Speaking to Fox News this week, the former Trump administration CDC director referred to a recent court ruling that found the Biden administration violated the First Amendment by attempting to pressure social media firms to block content about COVID-19, including vaccines. Missouri and Louisiana attorneys general had filed a lawsuit accusing the administration of threatening Facebook, Twitter, and others with antitrust lawsuits or other legal changes aimed at their liability.

Dr. Redfield, a long-time virologist, said he knew people in the federal government who were concerned about Americans refusing to receive the COVID-19 vaccine.

“I always said… my position was to simply tell the American public the truth: vaccines have side effects.” “Tell them the truth without trying to disguise it,” he told Fox News.

The former federal health official claimed that the concept of the COVID-19 vaccine providing “complete” immunization is a “false perception” promoted by other federal officials.

“There was such an attempt to not let anybody get any hint that maybe vaccines weren’t foolproof, which, of course, we now know they have significant limitations,” he went on to say.

According to Dr. Redfield, Americans likely perceived a lack of open and honest discussion about vaccines and vaccine safety, prompting some to be hesitant to take the shot. At the same time, vaccine mandates imposed by the government, schools, and some businesses eroded public trust in them, he claimed.

“I think we should have, really, confidence and not be afraid to debate the issues that we think are in the public’s interest and just tell the public the truth,” the former director of the CDC said.

Several medical professionals, skeptics, and journalists were censored or had their accounts suspended by Twitter, Facebook, and Google-owned websites during the pandemic for publicly questioning the safety or effectiveness of vaccines. For example, in August 2021, independent journalist Alex Berenson’s Twitter account was suspended for allegedly and repeatedly violating the company’s policies regarding COVID-19 “misinformation,” and Mr. Berenson later claimed that government officials pressured the social media firm to target his account.

Installments of the “Twitter Files,” which were released by multiple journalists beginning in late 2022, after Elon Musk’s takeover, revealed extensive communications between various federal agencies, including the FBI, and former top Twitter officials. Following Mr. Musk’s rebranding, Twitter is now known as X.

Order of the Court

An appeals court recently partially upheld a ruling that the Biden administration must limit its communication with social media companies in accordance with the companies’ content moderation policies. The Department of Justice filed a motion earlier this week with the Louisiana-based 5th U.S. Circuit Court of Appeals to seek clarification on the court’s recent ruling, in which a panel of judges found that a lower court’s ruling in the case was “broader than necessary.”
Instead, the appeals court limited the restrictions imposed by Judge Terry Doughty, the chief U.S. district judge for the Western District of Louisiana, to the CDC, the FBI, the Surgeon General’s office, and the White House. This means that those agencies will be unable to communicate with social media companies such as Facebook, X, YouTube, and others about their content policies.

Earlier this year, the district court imposed limitations on the Department of State, the National Institute of Allergy and Infectious Diseases, and the Cybersecurity and Infrastructure Security Agency.
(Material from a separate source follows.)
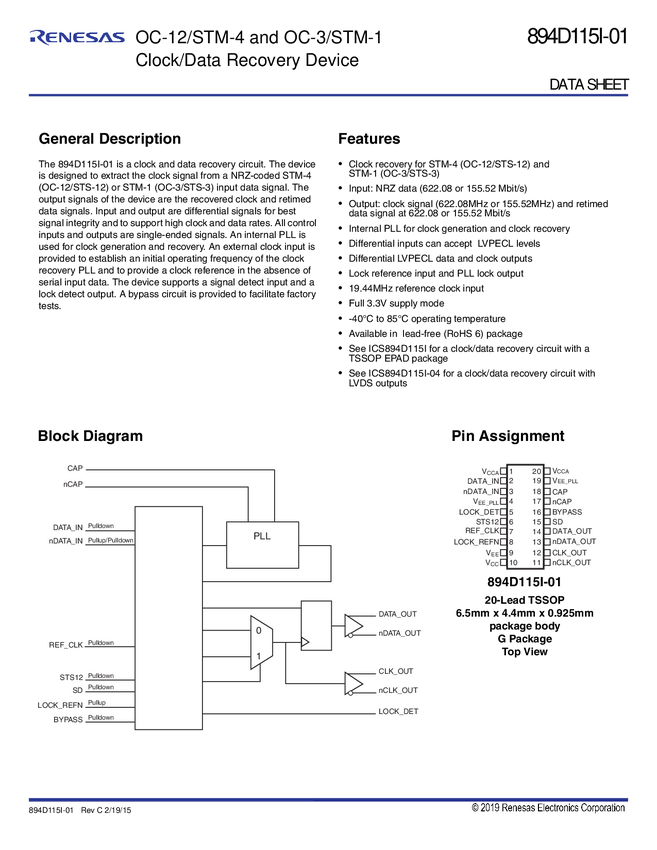 OC-12/STM-4 AND OC-3/STM-1 CLOCK/DATA RECOVERY DEVICE

However, in its Sept. 8 order, the appeals court panel stated that the lower court “did not err in determining that several officials… likely coerced or significantly encouraged social-media platforms to moderate content, rendering those decisions state actions.”

“In doing so, the officials most likely violated the First Amendment,” wrote the judges.

In a strongly worded ruling in July, Judge Doughty granted an injunction and found “substantial evidence” of a far-reaching censorship campaign on behalf of the federal government.

Moreover, the judge noted that the “evidence produced thus far depicts an almost dystopian scenario” to the effect that “during the COVID-19 pandemic, a period perhaps best characterized by widespread doubt and uncertainty, the United States Government seems to have assumed a role similar to an Orwellian ‘Ministry of Truth.'”

Louisiana Attorney General Jeff Landry stated at the time that the injunction prevents the administration “from censoring the core political speech of ordinary Americans” on social media.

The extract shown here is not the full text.